Ein idealisiertes Modell des F-A. geht von einem helicalen Filament mit einem Durchmesser von 9-10 nm aus, in welchem die Längsachsen der Monomere fast senkrecht zur Filamentachse stehen. Die Positionen der Monomere innerhalb des Filaments sind flexibel, so dass die Bindung von Proteinen (z.B. Tropomyosin) eine periodische, aber nicht helicale Struktur erzeugt; der Wiederholungsabstand beträgt sieben Monomere. F-A. ist auch als Komponente des Cytoskeletts an der Ausbildung und Stabilisierung verschiedener Zellstrukturen beteiligt.
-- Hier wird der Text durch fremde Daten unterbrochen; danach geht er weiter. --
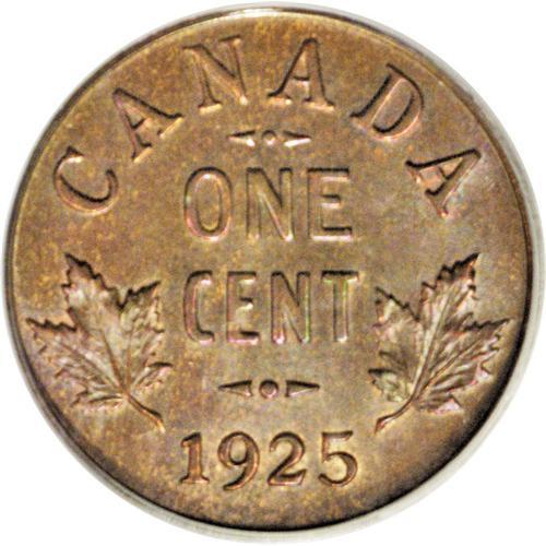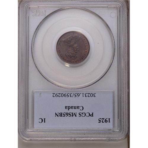 <B>George V Cent 1925, </B></I>KM28, MS65 BN PCGS, a choice example of this scarce date with glossy brown surfaces and just a trace of original luster in the legends.<BR><I>From the Dominion Collection.</B></I>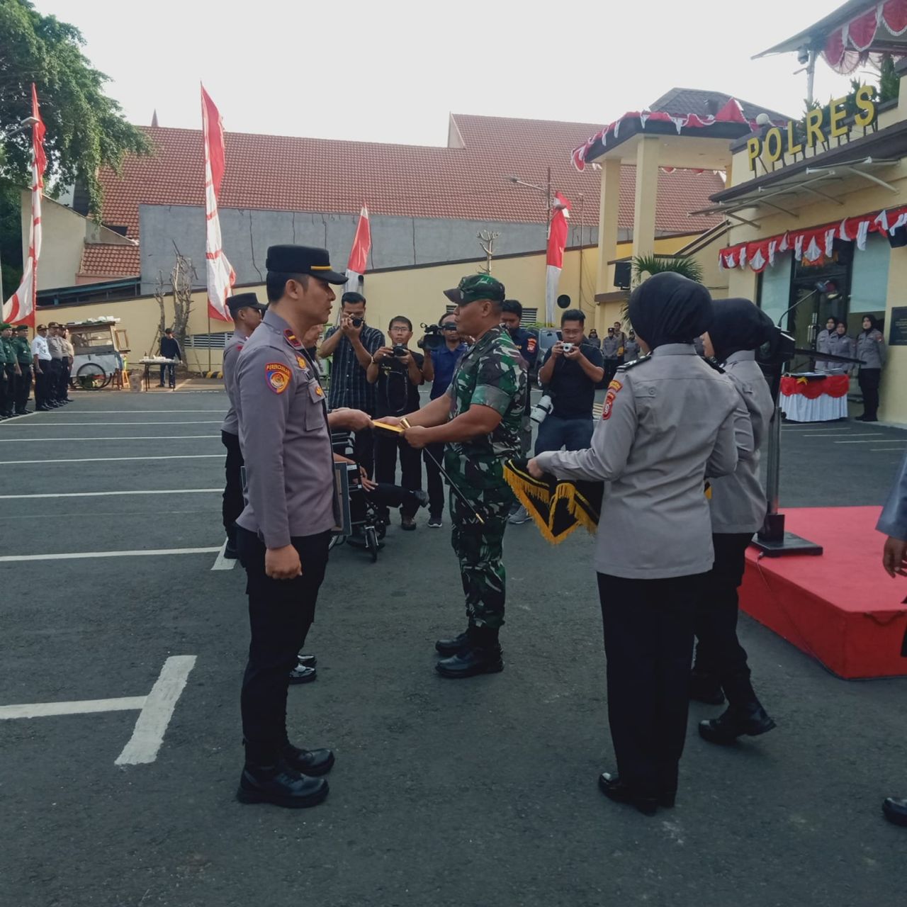 Adapun sebagai penanggung jawab dalan gelaran apel bersama ini Kapolres Metro Jakarta Utara Kombes Pol Gidion Arif Setyawan, S.I.K., S.H, M.Hum, juga hadir Dandim 0502/JU Letkol Kav Tofan Tri Anggoro, B.Sc, Wakapolres Metro Jakarta Utara AKBP Wiraga Dimas Tama, S.I.K M.Si, PJU Polres Metro Jakut, Danramil 01/Koja Mayor Kav Didik, SE, Danramil 03/Tanjung Priok Mayor Kav Teguh, Pasi Intel Kodim 0502/JU Mayor Inf Yulius Dwi Putranto Utomo Sigar serta anggota TNI, Polri dan masyarakat Jakarta Utara.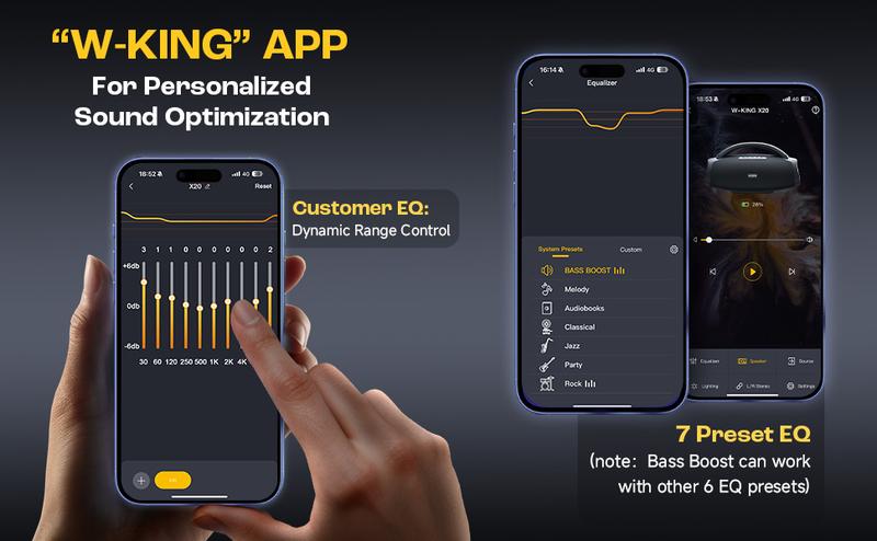 - Custom Sound APP: X20 large bluetooth speakers wireless support “W-KING” APP, so you can tailor the sound according to your preferences. you can boost or attenuate specific frequency ranges, allowing the large bluetooth speakers wireless to enhance the deepest bass end or emphasize treble for clearer vocals and instrumentals. Whether it’s streaming music, watching movies, or playing games, you can customize EQ presets to enhance the audio experience for each type of content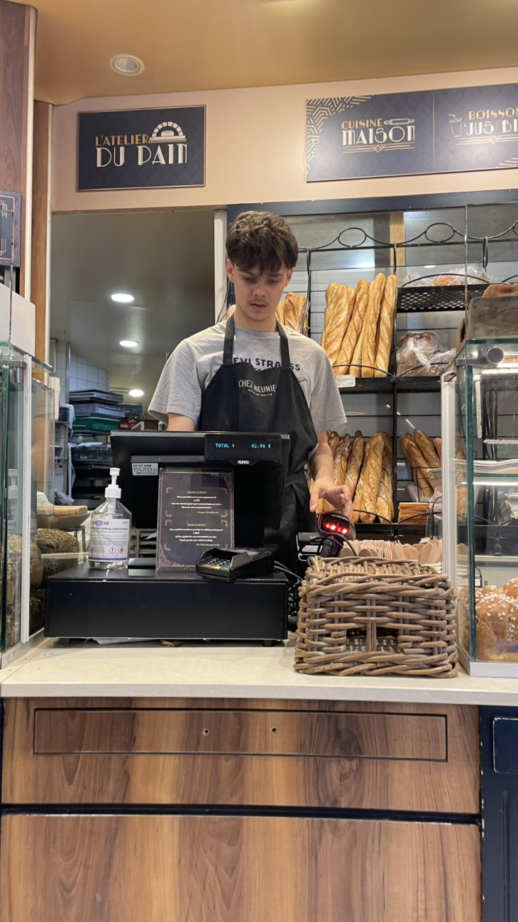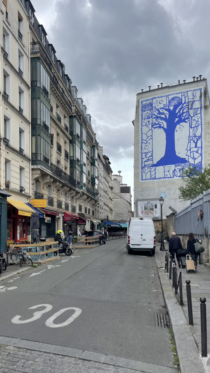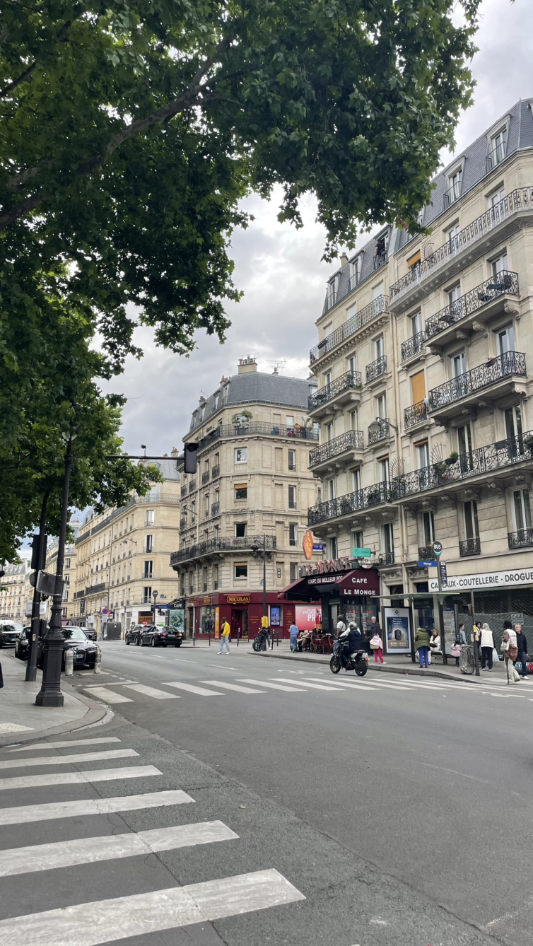 파리의 아침은 갓 구워낸 바게트, 크로와상으로 출발하는 게 국룰이다. 살짝 비 오는 터라 숙소 근처 빵집 실내테이블에서 파리일상을 시작해 본다.

Man kann A. aus Skelettmuskelzellen von Wirbeltieren, deren Masse zu etwas 20 % aus diesem Protein besteht, für in-vitro-Experimente relativ leicht gewinnen. Bei der Behandlung getrockneter und zerkleinerter Muskeln mit stark verdünnter Salzlösung dissoziieren die Actinfilamente in die Actinuntereinheiten. Reines A. liegt in Lösungen geringer Ionenstärke in monomerer Form vor. Bei Zugabe von Salz und in Gegenwart von ATP erfolgt eine spontane Zusammenlagerung zu Filamenten. Die Polymerisation ist ein dynamischer Prozess, der durch ATP-Hydrolyse gesteuert wird. Zellulär verbleibt etwa die Hälfte des A. durch die Bindung an kleine Proteine, wie Thymosin (Thymopoietin) in monomerer Form. In der Rinde tierischer Zellen erfolgt eine ständige Polymerisation und Depolymerisation der A.-Moleküle, wobei Fortsätze der Zelloberfläche wie Lamellipodien und Mikrospikes entstehen. Signalmoleküle beeinflussen von außen durch Wechselwirkung mit Zelloberflächenrezeptoren, die über heterotrimere G-Proteine und kleine ATPasen (Rac und Rho) wirken, den Polymerisationsprozess.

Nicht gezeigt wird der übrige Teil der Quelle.